If there is any virtue to open-worlds from the vantage of the solipsist, it is that they scale back the unfathomable enormousness of existence so that it may be mentally compressed and conquered like a satellite image, allowing for hubris and humility in even measure. At the beginning of Breath of the Wild, when Link stands at the cliff’s edge as if modelling for a Romantic-era painting, it is both an acknowledgement of the sublime and a statement of intent to demystify it. For me however the allure of neo-Hyrule lies in the fact that while I may never see every nook and cranny of it, I know that somebody out there has. As methods of traversal, gliding and climbing absolutely deliver on this open-world ideal in a visceral, cathartic way—yet also make horseback-riding incredibly dull and impractical, which is a mite sad given how it too once gave that feeling of exhilaration in games past. The quotidian is not abandoned entirely in Breath of the Wild; it’s still there in all the chasing of critters and bombing of rock piles and yes, even those polarizing Korok seeds. However I must say that these instances almost always present themselves as resource-grinding first and foremost, rather than their own intrinsic reward. In this way the act of cooking does not take the quotidian and make it transcendent, but takes the magical and makes it practical.

 

Link's house in Twilight Princess

Link’s house in Twilight Princess

Link's house in Breath of the Wild

Link’s house in Breath of the Wild

The cumulative process of loot-acquisition expresses a cultural infatuation with the self-sufficient, ultra-capable, bootstrapping hunter-gatherer/lone-wolf archetype, but in truth plays out more like the gratuitous pack rat hoarderism of the bourgeoisie, with possessions devoid of any sentimentality; ownership but no real reason to want other than to have for the sake of having. It feels worth mentioning that BotW is the only Zelda game in which Link must go out and purchase a house instead of already having one, which ends up being this barren unhomely space whose only function is as a glorified trophy case. And admit it, if Nintendo released a sequel that did not either dramatically expand upon or reduce the scope of the game-world a la Majora’s Mask (not talking gameplay mechanics or narrative gravitas, just sheer landmass) the lack of appreciable change would most likely be ill-received. Sometimes less is more, sometimes more is more, but the exact same is definitely less.

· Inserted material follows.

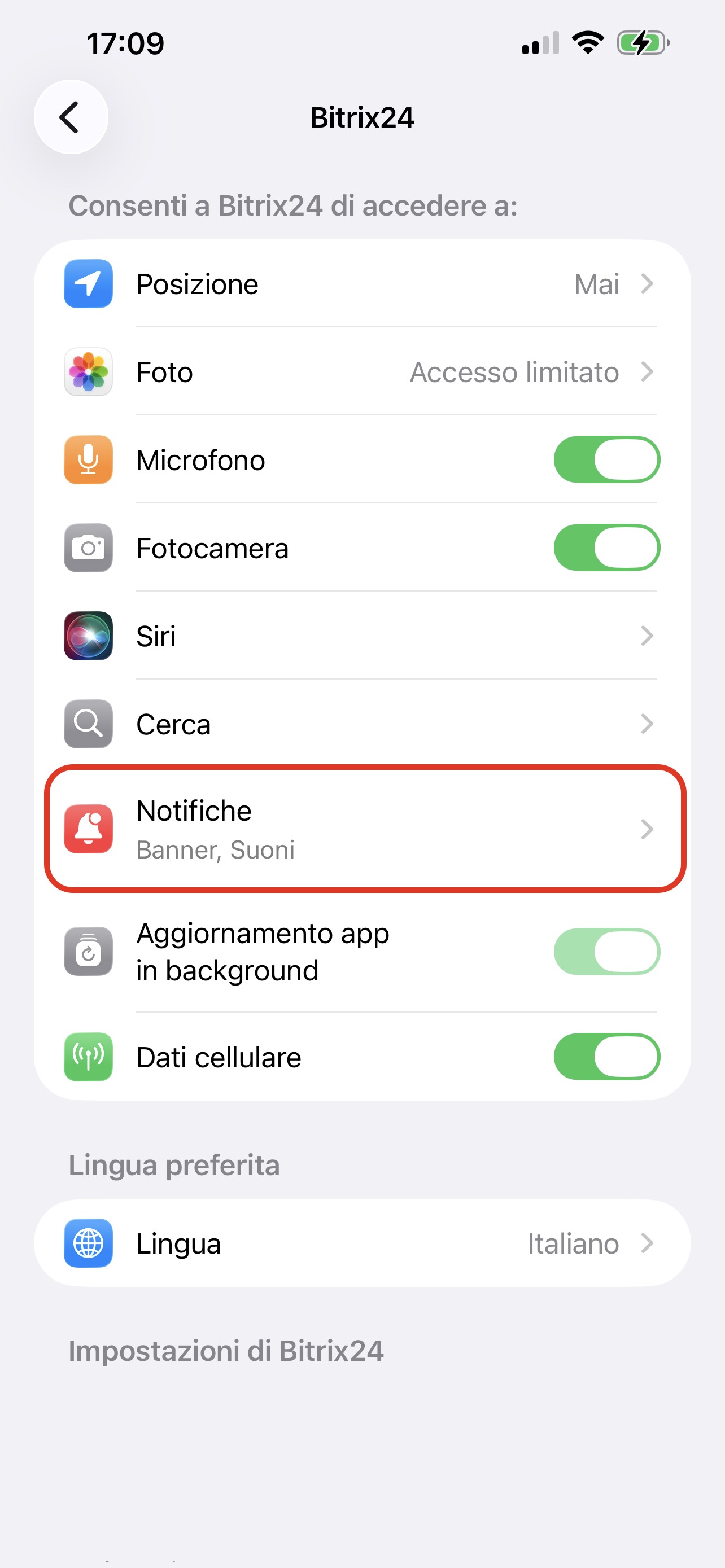 Apri Impostazioni su iPhone e cerca Bitrix24. Seleziona l’app dall’elenco.
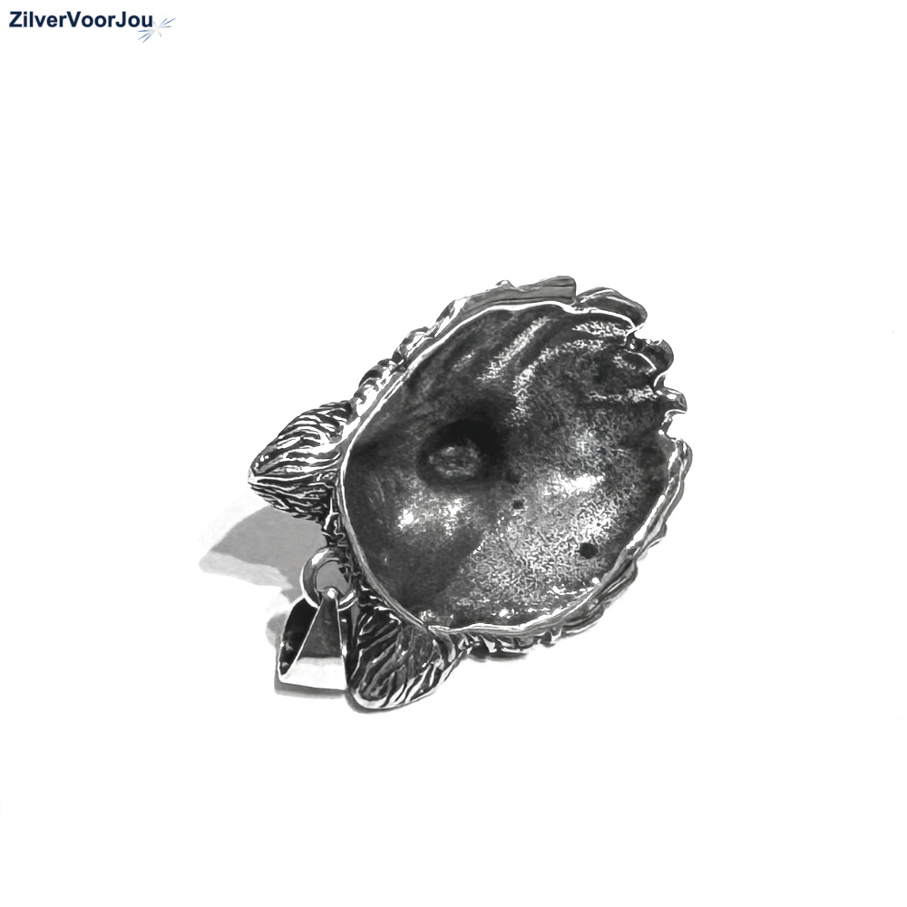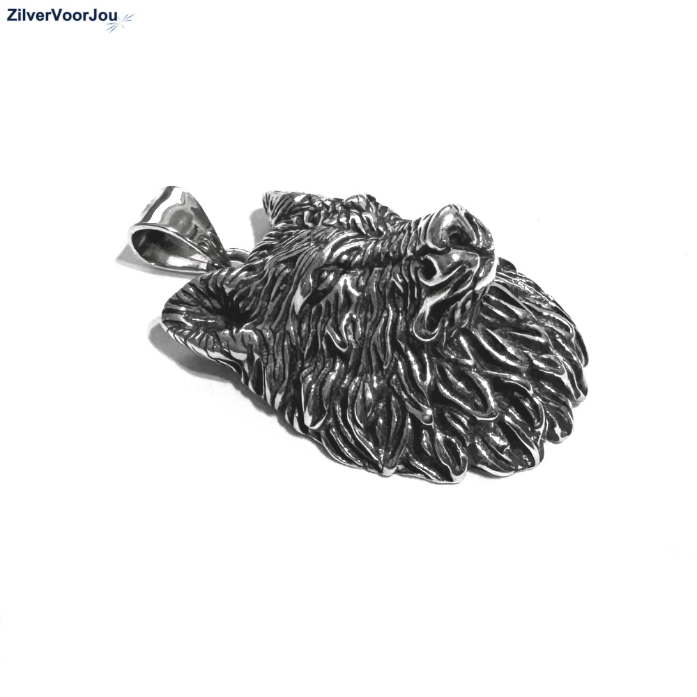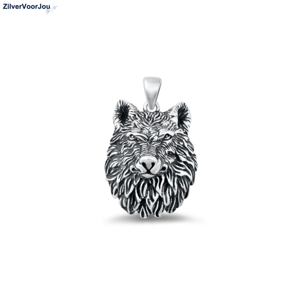 Schitterende wolf, wolvenkop kettinghanger. Mooie 3d hanger! De kop is circa 26 mm lang en 20 mm breed ex oog. Gemaakt van 925 zilver en geoxideerd (iets gezwart).

While I marvel at the boldness of the direction Breath of the Wild took, and I’m glad that it did, if hyper-selectively (and reductively) judged based on its merits as a cooking game, then I truly believe something like Cooking Mama is far superior at crafting play which actually resembles making food. They are both rinse-and-repeat approaches no doubt, but at least in Cooking Mama an attempt is made to reproduce the tactility of the endeavour through the unique affordances of the DS touchscreen. There is a mimesis in all of the chopping, tossing, slicing, kneading, pouring and stirring motions performed with the stylus, and more importantly a sense of accomplishment from completing tasks in a logical order. Simple as they may be, these mini-games are undeniably about the experience of learning to cook a recipe, boiled down to its lowest common denominator—not fully representative but certainly an amuse-bouche, a taste. Much like how the recent Minit condenses the formula of classic top-down Zelda to its irreducible quintessence, Cooking Mama perfectly encapsulates its source material; it only takes a few seconds to become “Just as skilled as Mama!” Conversely in Breath of the Wild you drop a bunch of random things into a big empty bowl and somehow against all common sense it manages to cook itself, no intervention required. Even if the end result is unintelligible, unnourishing mush that wasn’t really worth the time and resources put in, Link’ll eat it up with a smile as if gluttonously asking for seconds. After all, what are we as players if not consumers?